I spent a little time this weekend playing with my XSS fuzzer, which I am trying to get to a point where I can release it, for other researchers to play with. In doing some preliminary testing I’ve found a number of issues worth mentioning to anyone doing this form of research. Cheng Pang Su and I have been working on some of the more advanced variable width encoding, and I’ll release more on that later, as I’ve found a number of additional issues. In doing that, I have expanded the fuzzer to look at additional character encoding methods, which is how I began finding these.
In the mean time I thought I’d release some additional research I’ve been doing around injecting characters into HTML tags to see their outcome in various encoding methods.
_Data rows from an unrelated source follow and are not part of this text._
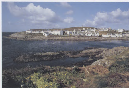
Port na h-Abhainne, Ile
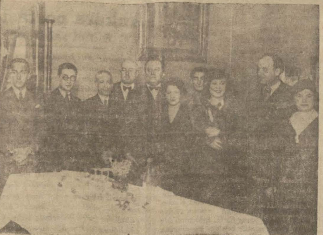
Smirnof'un dünkü davetinde gazeteciler

İki konser vermek üzere şehrimize gelmiş olan meşhur Rus tenoru M. Dimitri Smirnof ile refikası dün Londra otelinde İstanbul gazetecileri şerefine bir çay ziyafeti vermişler ve bir kaç şarkı söylemek nezaketini göstermişlerdir. M. Dimitri Smirnof 1920 senesindenberi Pariste yerleşmiştir. Bir ay evvel Avrupada bir turneye çıkmış olan M. Smirnof ve refikası Münir ve Suriyeye gitmişler ve oradan İstanbul'a gelmişlerdir.
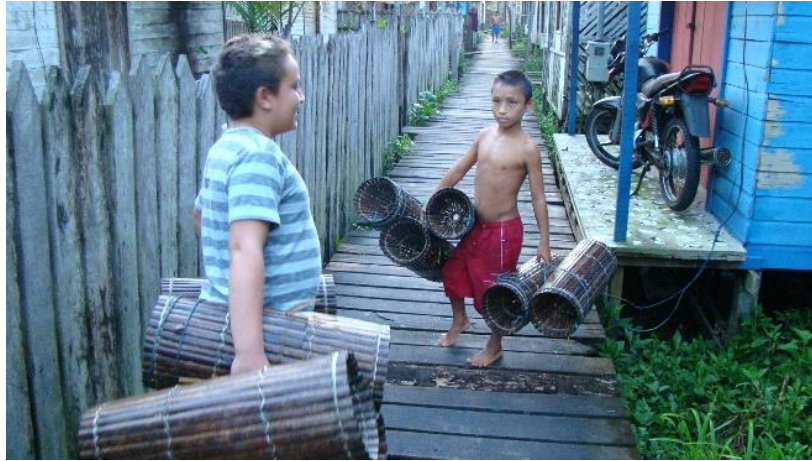
Imagem 4 – Crianças indo colocar matapi no rio Piriá.

A pesca do camarão de água doce por meio da utilização do manuseio do matapi pelas crianças se constitui uma prática cultural secular herdada dos índios que viviam na região do Marajó, sendo uma atividade frequente no cotidiano delas. Conforme narrado pelas crianças, é feito de material extraído da natureza, fibra vegetal (tala de arumã) e tem formato cilíndrico (imagem 4), medindo cerca de 50 cm de comprimento e 25 cm de diâmetro, com um funil nas suas extremidades que facilita a entrada do camarão ao mesmo tempo em que dificulta sua saída; a isca é feita de farinha de mandioca, base alimentar dos ribeirinhos, portanto, fácil de encontrar.
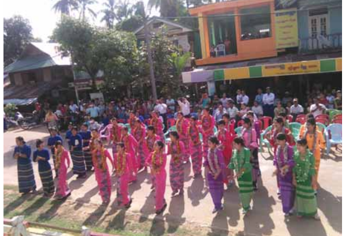
မြို့နယ်(ပြန်/ဆက်)

ရေဖြူမြို့နယ် မြန်မာ့ရိုးရာမဟာသင်္ကြန်ပွဲတော်ဖွင့်ပွဲအခမ်းအနားကို ဧပြီ ၁၃ ရက် (သင်္ကြန်အကြံဉာဏ်) နံနက် ၈ နာရီတွင် ရေဖြူမြို့နယ် မြန်မာ့ရိုးရာသင်္ကြန်ပွဲတော် ဗဟိုမဏ္ဍပ်၌ ကျင်းပခဲ့သည်။ ရှေးဦးစွာ မြန်မာ့ရိုးရာယဉ်ကျေးမှု မဟာသင်္ကြန်ပွဲတော် ဗဟိုမဏ္ဍပ် ကို တနင်္သာရီတိုင်းဒေသကြီး လွှတ်တော်ဥက္ကဋ္ဌ ဦးကြည်စိုး၊ တိုင်း ဒေသကြီးလွှတ်တော်ကိုယ်စားလှယ် ဦးလှထွေး၊ မြို့နယ်အုပ်ချုပ်ရေး မှူး ဦးလှဝင်းအောင်နှင့် ဇနီးဒေါ်မိုးမိုးလှိုင်နှင့် တာဝန်ရှိသူများက ဖဲကြိုးဖြတ်ဖွင့်လှစ်ပေးခဲ့သည်။ မန်းတောင်ရိပ်ခိုတေးသီချင်းဖြင့် သီဆိုပြီး အကအလှများဖြင့် ကပြ ဖျော်ဖြေလျက်ရှိသည့် ယိမ်းအဖွဲ့များအား နံ့သာရည်များဖြင့် ပတ်ဖျန်း ပေးခဲ့ကြပြီး မြန်မာ့ရိုးရာသင်္ကြန်တေးသီချင်းများ၊ ယိမ်းအဖွဲ့များ၏ အကအလှများ၊ ခေတ်ပေါ်တေးသီချင်းများဖြင့် ကပြဖျော်ဖြေမှုများ ကို ကြည့်ရှုအားပေးခဲ့ကြကြောင်း သိရသည်။
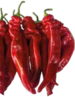
AL 701-17 F 1
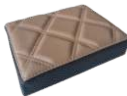
Marrom Escuro Sport Dark Brown Sport
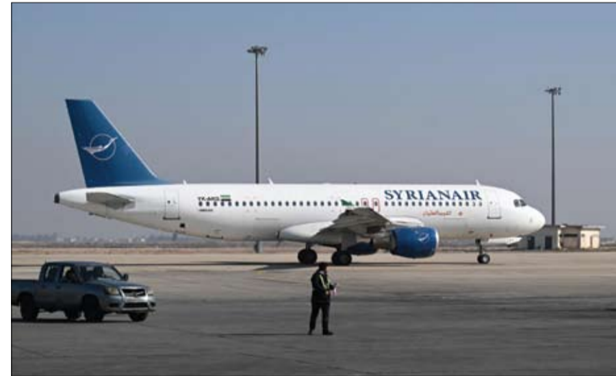
طائرة للخطوط الجوية السورية في مطار دمشق حيث استؤنفت الرحلات الجوية الدولية.
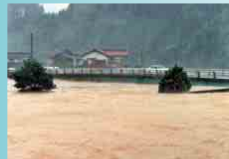
役場前の八尾川が溢れ、川と駐車場の境界が確認できない
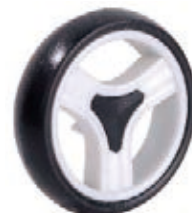
NAME:7" 三菱轮 ITEM NO:XH7023 SIZE:167*36 备注:反面带刹车齿
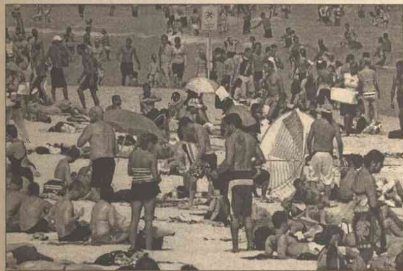
Na Litwie zapanowała zima, a tymczasem na kontynencie australijskim gorąco, że aż strach. W ostatnich dniach temperatura na południu Australii skoczyła do 34,7 stopni ciepła i tysiące mieszkańców Sydney okupowało okolice plaży szukając ochłody w wodzie...
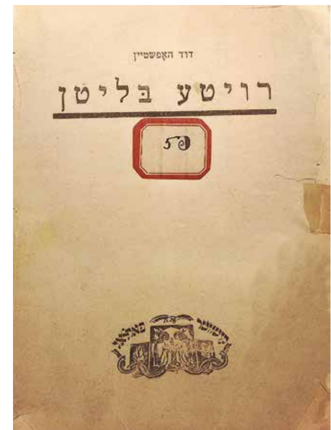
↑ Titelblatt von Dovid Hofshteyns Royte blitn (Rote Blüten) aus dem Jahr 1920.

Perets Markish bringt die Zeitenwende am radikalsten zum Ausdruck. Wie sein Vorbild Majakowski sieht Markish die Revolution als primär geistige Erscheinung (Majakowski, der „Trommler der Revolution“, wird 1930 Selbstmord begehen): Der Geist der Revolution und der Geist der Kreativität gehen für ihn fließend ineinander über. 1917 besingt der Dichter in zwei berühmten Werken das von den Fesseln der Zeit befreite Subjekt. In Ikh zegn zikh mit dir... (Ich nehme Abschied von dir...) hat das lyrische Ich die Vergangenheit und damit die jüdische Tradition und schmerzreiche Geschichte abgeschüttelt. Es huldigt allein dem „Jetzt“, dem reinen Augenblick (dank der Revolution). In Markishs
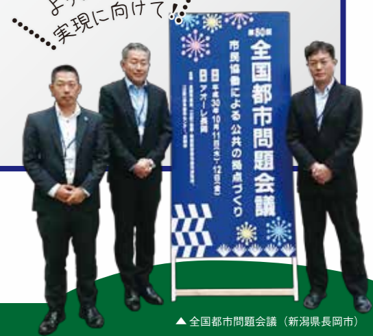
▲全国都市問題会議 (新潟県長岡市)

令和元年はつながりのまち摂津の実現に向けて、会派として各施策にしっかり取り組みます。
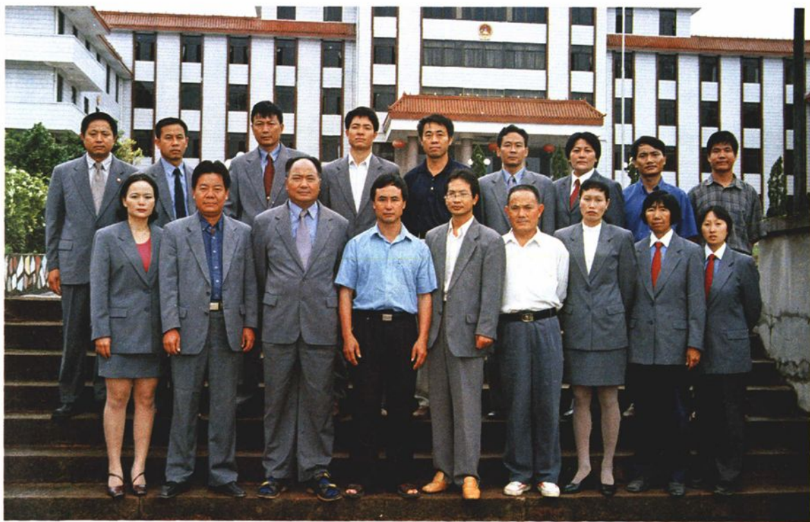
民政局全体职工:(从左至右)
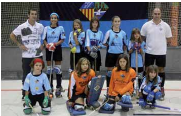
L'equip femení del club d'hoquei vilassarenc

En el Campionat de Catalunya participaran sis equips, dels quals, en el moment de tancar aquesta edició, estaven confirmats els equips de patins de Vilanova, Bigues i Riells, Castellet i Vilassar de Mar.
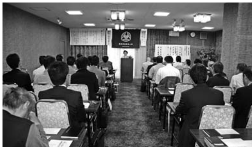
▲5月15日のモーニングセミナー風景。3月のM.S出席率は全国670単会中4位でした。
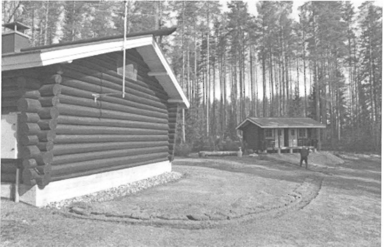
Talon kaakkoisnurkalta aitan eteläkulmaan menevä kaapeliuoja. Kuvattu etelästä. KaiM 7502:2.
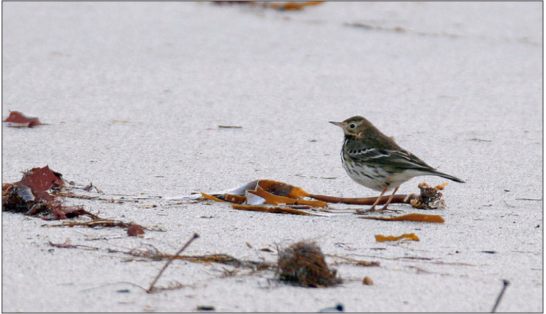
Ny underart for landet! En myrpiplerke Anthus rubescens som viste karakter til underarten japonicus overvintret på Karmøy i Rogaland fra medio januar til primo april. Noen viktige kjennetegn for å skille underartene japonicus og rubescens fra hverandre er blant annet undersidens farge og streking, samt beinfarge.
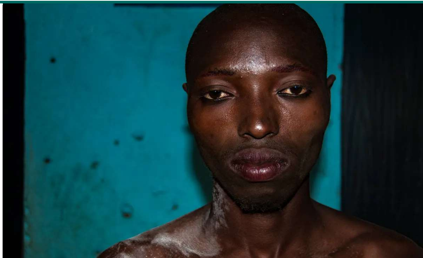
Poro-folket er et hemmeligt broderskab, der kun holder til i Elfenbenskysten, Liberia, Guinea og Sierra Leone.

Poroerne tilbeder djævlén og er kendt for at nedkalde tabu og forbandelser over folk fra de omkringliggende samfund. Der er forskellige gradueringer af Poroerne: fodfolket, krigere, fetichpræster og djævlén. Poro-djævlén adresserer nogle gange udvalgte stammebrødre gennem et træror kaldet en bull-roarer – han viser sig dog kun sjældent offentligt, og mange af de menige sektmedlemmer har aldrig set ham
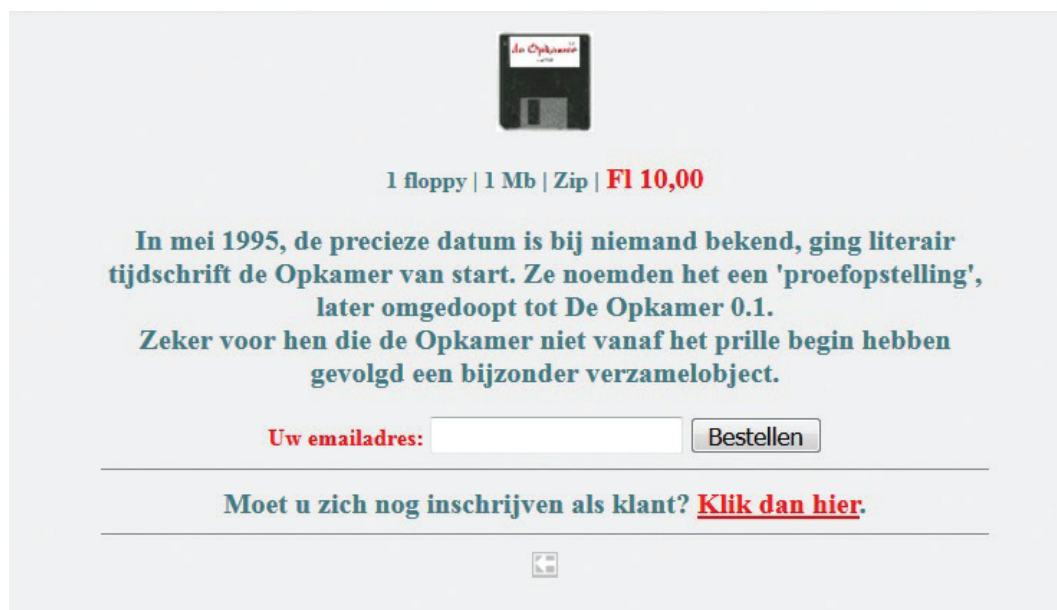
Afbeelding 5. De gearchiveerde versie als verzamelobject aangeboden in de webwinkel.

Daar het oudste webarchief van Nederland genaamd Archipol van het Documentatiecentrum Nederlandse Politieke Partijen (DNPP) pas in 2000 begon met archiveren en de eerder genoemde DDS-freeze uit 1996 dateert, zou deze gearchiveerde versie van de site uit 1995 wel eens het oudste webarchief van een Nederlandse site kunnen zijn.
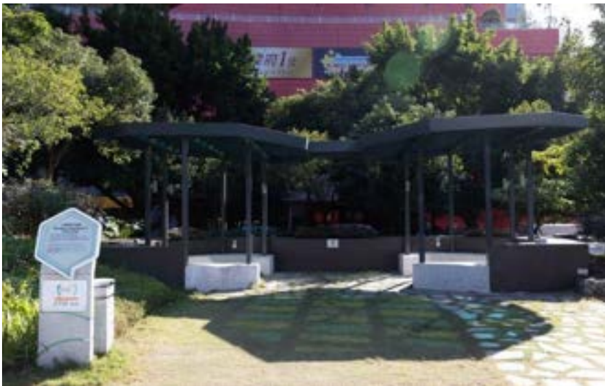
v. 微型展亭 ( 2 )
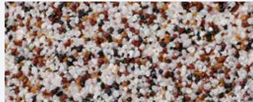
M 308 Kope

Ένα χαρακτηριστικό γνώρισμα των τελικών επιχρισμάτων MosaikTop είναι η ασυνήθιστη υφή τους που μοιάζει με μικρά βότσαλα. Η πρόσοψη είναι κομψή και φυσική. Η σύνθεση των τελικών επιχρισμάτων, που περιλαμβάνει οργανικά συνδετικά και χαλαζιακή άμμο, προέρχεται, επίσης, από τη φύση.
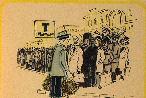
— Ичәзә версәјдиниз, нөвбәдәнкәнар минәрдим, јохса, базарлығымын зајы чыхар. — Разрешите присесть мне очереди, иначе у меня испор-тятся продукты.
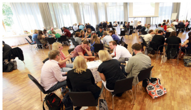
KIDS Regio Forum 2019

Zusammenarbeit zwischen Produzenten und Medienschaffenden in den Mitgliedsländern bei gemeinsamen Projekten zu verbessern, Koproduktionen zu initiieren und Auslandsdreharbeiten mit fachlichem Rat und praktischer Hilfe zu unterstützen. In Kooperation mit Cine-Regio haben die MDM und der Freistaat Thüringen 2008 die Initiative KIDS Regio ins Leben gerufen. Sie widmet sich der Verbesserung von Bedingungen für den europäischen Kinder- und Jugendfilm und entwickelt in regelmäßigen Arbeitstreffen Strategien zu den Themen Finanzierung, Entwicklung und Verwertung.
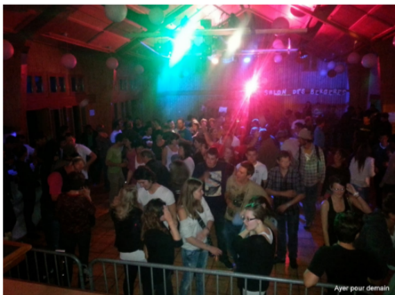
Bal des bergères au Foyer Lyrette le 22 septembre 2013

Dès 22h – Entrée libre – Sortie de secours
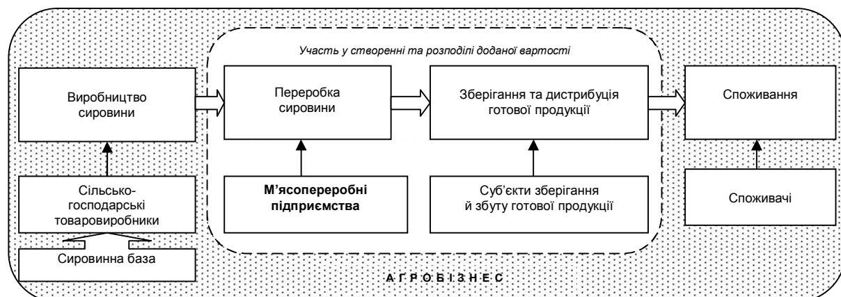
Рис. 1. Місце м'ясопереробних підприємств у створенні та розподілі доданої вартості в галузі м'ясопереробки

По-друге, розбалансованість економічних взаємовідносин між виробниками сировини та переробними підприємствами проявляється як у обсягах забезпечення вітчизняною сировиною, так й у формуванні взаємовигідних цін. Всі ланки технологічного ланцюга, починаючи з виробництва сировини й завершуючи реалізацією готової продукції, функціонують у режимі організаційного відокремлення, кожен суб'єкт господарювання керується виключно власними економічними інтересом. При цьому, формування єдиної економічної політики у м'ясопереробній галузі можливе лише за умови побудови однакових стратегічних цілей партнерів з агробізнесу та реалізації спільних економічних пріоритетів.
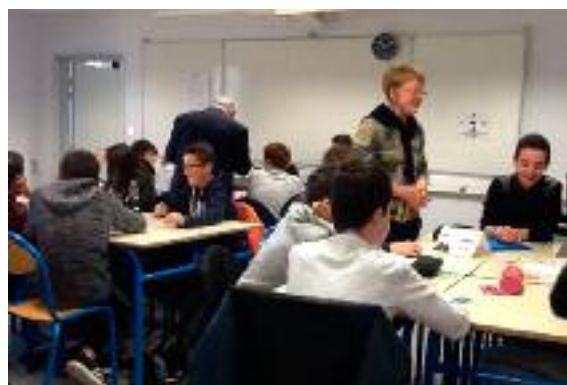
"Entreprendre pour apprendre" avec des élèves de 4 ème
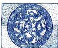
Académie de l'Eau

Académie de l'eau & Fondation Cardinal Paul Poupard- Aspects éthiques, socioculturels et spirituels de la gestion de l'eau dans le contexte du changement climatique
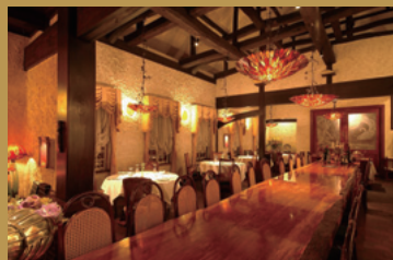
岡本太郎画伯が愛した1枚板のテーブルが 中央にあります。
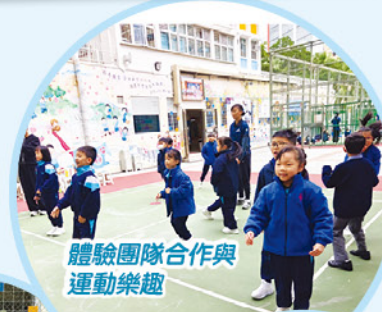
體驗團隊合作與運動樂趣
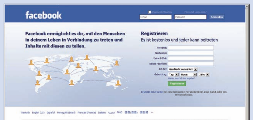
Screenshot Startseite Facebook

Die Vorzüge des sozialen Netzwerkes sind klar: Man bleibt mit seinen Freunden in Kontakt, präsentiert sich, eigene Fotos, Videos, Botschaften. Mitmachen kann jeder. Reinklicken, anmelden, los geht's. Das gesamte Angebot von Facebook mit allen Funktionen ist kostenlos. Infos unter www.facebook.com

Here is the string I started with:
<[CHAR]IMG SRC="" onerror='XSS_ME(CHAR)'>
Where [CHAR] is the actual character, and CHAR is the numerical representation of that character and XSS_ME is a function to log the character. Anyway, after removing false positives (60 = <) I came up with this list in the various encoding methods I am testing in Internet Explorer:
US-ASCII: 0, 128, 188, 1788, 1852, 1916, 1980, 2044, 2108, 2172, 2236, 2300, 2364, 2428, 2492, 2556, 2620, 2684, 2748, 2812, 2876, 2940, 3004, 3068, 3132, 3196, 3260, 3324, 3388, 3452, 3516, 3580, 3644, 3708, 3772, 3836, 3840, 8124, 12220, 16316, 20412, 24508, 28604, 32700, 36796, 40892, 44988, 49084, 53180, 57276, 61372, 65468
EUC-JP: 0, 142
The 0 char (null) is not particuarly interesting, as it’s been known for a while (as documented on the XSS Cheat Sheet). The others however, I’ve never seen documented properly. These wide chars are not straight forward to inject as are any below 255, but it’s still possible (especially if it’s stored verses reflected).
Lots more to come, but I wanted to give you all something so you could see what I was up to. In the mean-time it might be interesting to start writing a scanner to get the various encoding methods of different websites to see how statistically interesting these methods are. From one scan I’ve seen it was less than 1% use US-ASCII, but as far as EUC-JP it would require scanning Japanese domains to get a better understanding of the possibilities of these attack vectors.